* _AVAILABLE DATA_
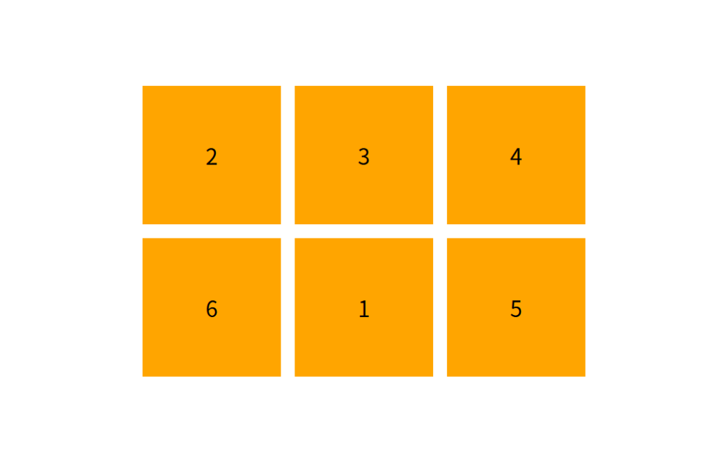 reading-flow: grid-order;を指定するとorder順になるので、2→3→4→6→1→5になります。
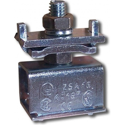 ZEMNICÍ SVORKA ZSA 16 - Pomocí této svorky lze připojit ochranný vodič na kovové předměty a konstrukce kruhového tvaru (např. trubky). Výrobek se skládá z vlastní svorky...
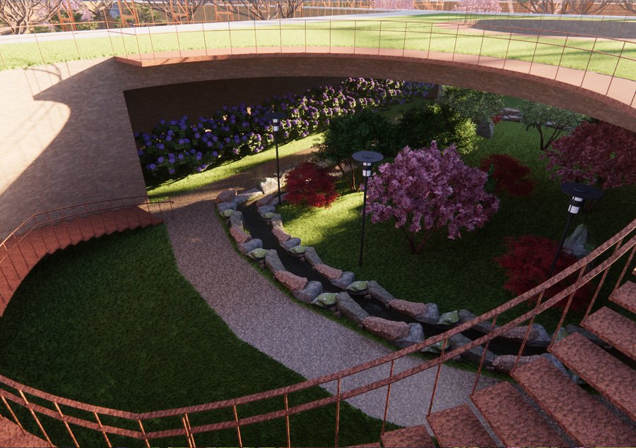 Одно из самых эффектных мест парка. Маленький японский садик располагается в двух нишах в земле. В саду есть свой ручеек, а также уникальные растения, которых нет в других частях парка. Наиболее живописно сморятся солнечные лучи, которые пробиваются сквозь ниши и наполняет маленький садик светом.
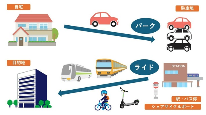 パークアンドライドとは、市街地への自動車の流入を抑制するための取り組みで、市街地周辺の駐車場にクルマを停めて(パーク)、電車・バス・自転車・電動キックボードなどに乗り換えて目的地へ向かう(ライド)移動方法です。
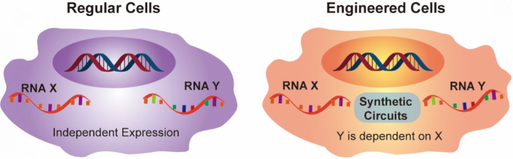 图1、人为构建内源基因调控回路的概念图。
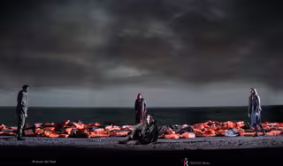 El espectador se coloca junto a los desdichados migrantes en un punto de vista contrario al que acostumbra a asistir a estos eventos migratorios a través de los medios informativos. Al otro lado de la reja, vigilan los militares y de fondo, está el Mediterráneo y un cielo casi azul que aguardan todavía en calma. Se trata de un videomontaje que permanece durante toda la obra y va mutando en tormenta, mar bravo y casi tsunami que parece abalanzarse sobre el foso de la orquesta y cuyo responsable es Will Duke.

* _WHAT IS NEEDED_
The data above should be restated exactly, with its images dropped.

* _SOLUTION TO THIS EXERCISE_
 reading-flow: grid-order;を指定するとorder順になるので、2→3→4→6→1→5になります。
 ZEMNICÍ SVORKA ZSA 16 - Pomocí této svorky lze připojit ochranný vodič na kovové předměty a konstrukce kruhového tvaru (např. trubky). Výrobek se skládá z vlastní svorky...
 Одно из самых эффектных мест парка. Маленький японский садик располагается в двух нишах в земле. В саду есть свой ручеек, а также уникальные растения, которых нет в других частях парка. Наиболее живописно сморятся солнечные лучи, которые пробиваются сквозь ниши и наполняет маленький садик светом.
 パークアンドライドとは、市街地への自動車の流入を抑制するための取り組みで、市街地周辺の駐車場にクルマを停めて(パーク)、電車・バス・自転車・電動キックボードなどに乗り換えて目的地へ向かう(ライド)移動方法です。
 图1、人为构建内源基因调控回路的概念图。
 El espectador se coloca junto a los desdichados migrantes en un punto de vista contrario al que acostumbra a asistir a estos eventos migratorios a través de los medios informativos. Al otro lado de la reja, vigilan los militares y de fondo, está el Mediterráneo y un cielo casi azul que aguardan todavía en calma. Se trata de un videomontaje que permanece durante toda la obra y va mutando en tormenta, mar bravo y casi tsunami que parece abalanzarse sobre el foso de la orquesta y cuyo responsable es Will Duke.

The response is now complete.